===== INFORMATION SUPPLIED =====

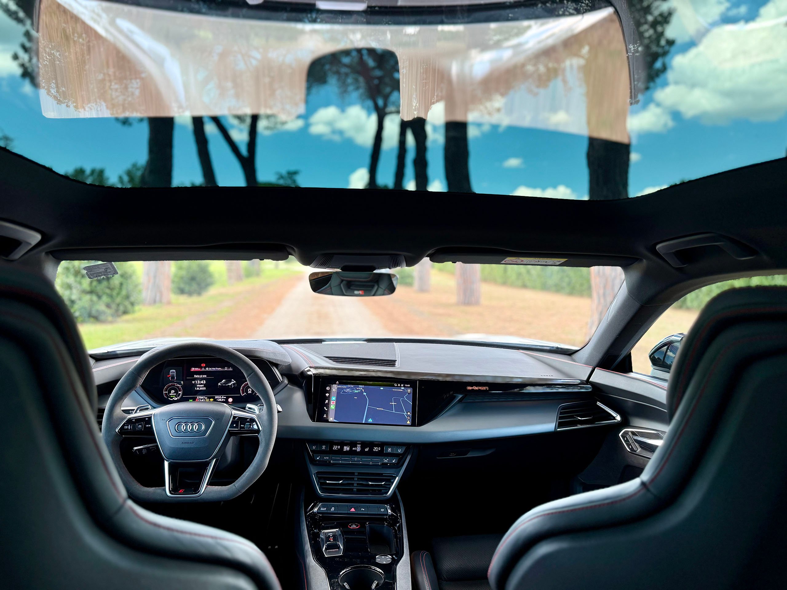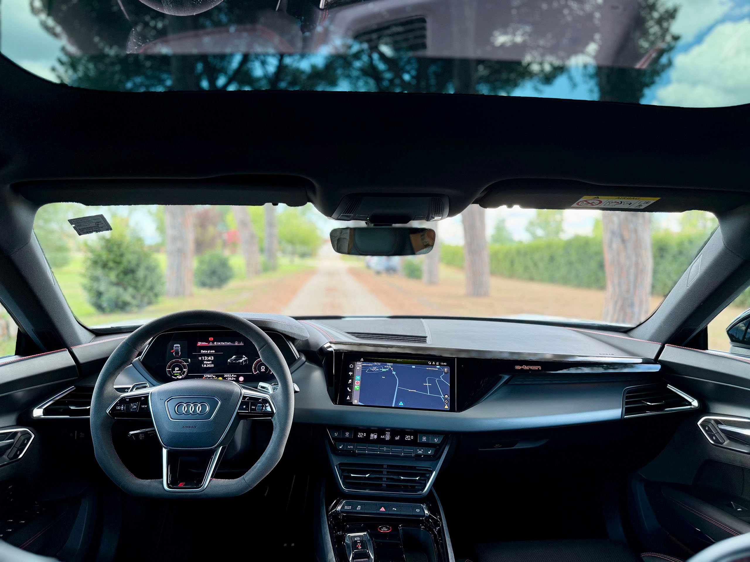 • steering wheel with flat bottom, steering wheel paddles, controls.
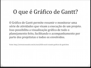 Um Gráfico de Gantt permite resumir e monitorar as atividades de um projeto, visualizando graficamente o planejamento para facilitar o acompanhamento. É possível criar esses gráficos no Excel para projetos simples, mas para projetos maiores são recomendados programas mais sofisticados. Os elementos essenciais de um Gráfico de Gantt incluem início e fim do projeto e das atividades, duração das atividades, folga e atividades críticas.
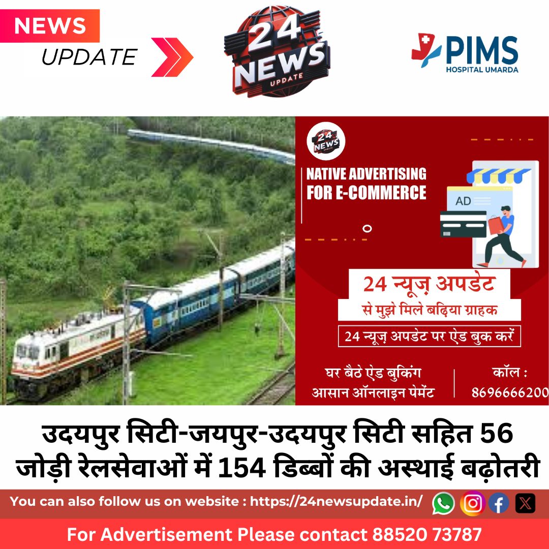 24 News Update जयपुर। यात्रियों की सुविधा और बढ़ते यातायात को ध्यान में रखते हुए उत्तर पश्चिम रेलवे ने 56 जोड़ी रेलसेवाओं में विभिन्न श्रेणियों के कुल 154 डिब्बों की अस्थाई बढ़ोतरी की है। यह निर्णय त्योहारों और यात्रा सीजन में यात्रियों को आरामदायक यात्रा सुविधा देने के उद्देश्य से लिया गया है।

=====
===== INFORMATION SUPPLIED =====

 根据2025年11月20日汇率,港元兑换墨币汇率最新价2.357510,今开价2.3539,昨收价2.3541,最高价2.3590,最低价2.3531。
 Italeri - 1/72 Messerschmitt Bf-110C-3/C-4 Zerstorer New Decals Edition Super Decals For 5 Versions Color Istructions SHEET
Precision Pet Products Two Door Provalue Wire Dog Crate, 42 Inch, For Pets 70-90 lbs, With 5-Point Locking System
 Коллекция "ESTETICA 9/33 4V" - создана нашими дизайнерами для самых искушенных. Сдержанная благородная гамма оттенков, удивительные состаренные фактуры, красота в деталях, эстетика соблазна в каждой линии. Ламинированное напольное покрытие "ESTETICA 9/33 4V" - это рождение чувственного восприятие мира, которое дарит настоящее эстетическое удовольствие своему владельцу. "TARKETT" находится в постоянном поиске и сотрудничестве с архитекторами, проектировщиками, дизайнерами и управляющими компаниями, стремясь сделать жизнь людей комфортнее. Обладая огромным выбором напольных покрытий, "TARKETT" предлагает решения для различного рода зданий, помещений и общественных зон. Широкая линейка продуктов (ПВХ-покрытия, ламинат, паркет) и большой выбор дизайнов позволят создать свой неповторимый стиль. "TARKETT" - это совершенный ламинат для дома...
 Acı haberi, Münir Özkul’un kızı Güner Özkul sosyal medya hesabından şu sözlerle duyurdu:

=====
===== INFORMATION SUPPLIED =====

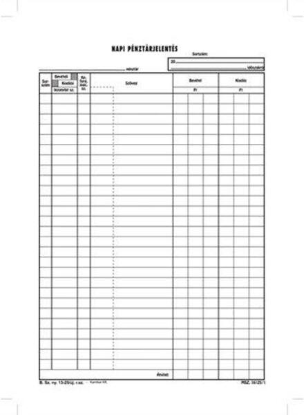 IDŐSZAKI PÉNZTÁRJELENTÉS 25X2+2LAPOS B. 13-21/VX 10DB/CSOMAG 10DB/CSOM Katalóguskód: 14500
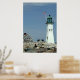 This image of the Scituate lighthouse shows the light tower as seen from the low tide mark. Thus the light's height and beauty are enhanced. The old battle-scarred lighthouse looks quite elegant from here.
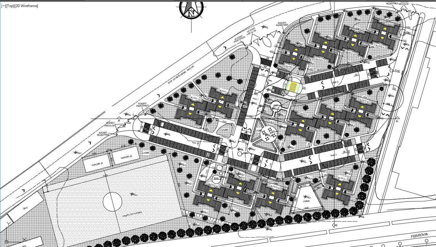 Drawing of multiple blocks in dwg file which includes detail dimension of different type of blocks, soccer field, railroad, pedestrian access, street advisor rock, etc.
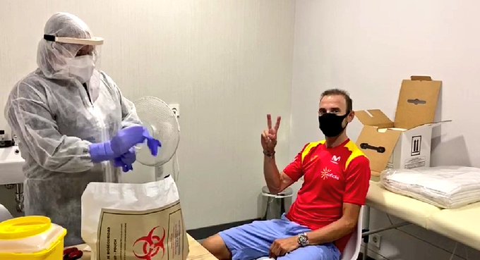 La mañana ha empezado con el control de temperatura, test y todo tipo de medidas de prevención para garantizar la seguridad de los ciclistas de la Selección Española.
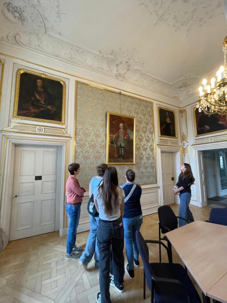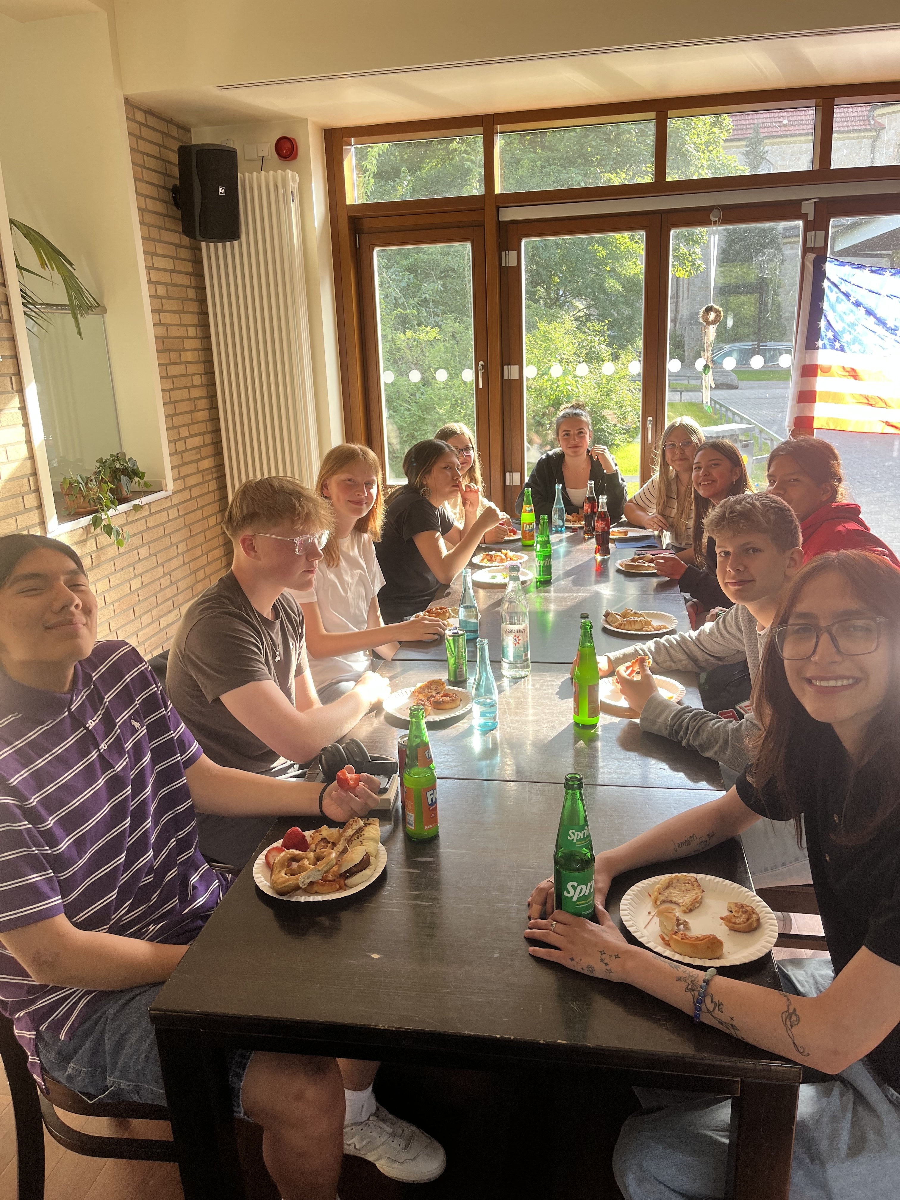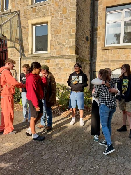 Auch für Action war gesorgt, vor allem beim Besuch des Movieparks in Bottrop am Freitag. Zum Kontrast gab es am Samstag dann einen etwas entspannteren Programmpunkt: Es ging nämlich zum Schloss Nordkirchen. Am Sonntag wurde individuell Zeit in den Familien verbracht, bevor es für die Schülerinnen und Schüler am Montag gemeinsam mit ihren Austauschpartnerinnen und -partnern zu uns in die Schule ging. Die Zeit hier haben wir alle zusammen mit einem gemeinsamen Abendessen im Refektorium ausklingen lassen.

=====

**GOAL OF THE EXERCISE**
Give back, exactly and without pictures, the stretch of the records above from the line containing "Drawing of multiple" through the line containing "La mañana ha", with both end lines included.

**ANSWER SPACE**
 Drawing of multiple blocks in dwg file which includes detail dimension of different type of blocks, soccer field, railroad, pedestrian access, street advisor rock, etc.
 La mañana ha empezado con el control de temperatura, test y todo tipo de medidas de prevención para garantizar la seguridad de los ciclistas de la Selección Española.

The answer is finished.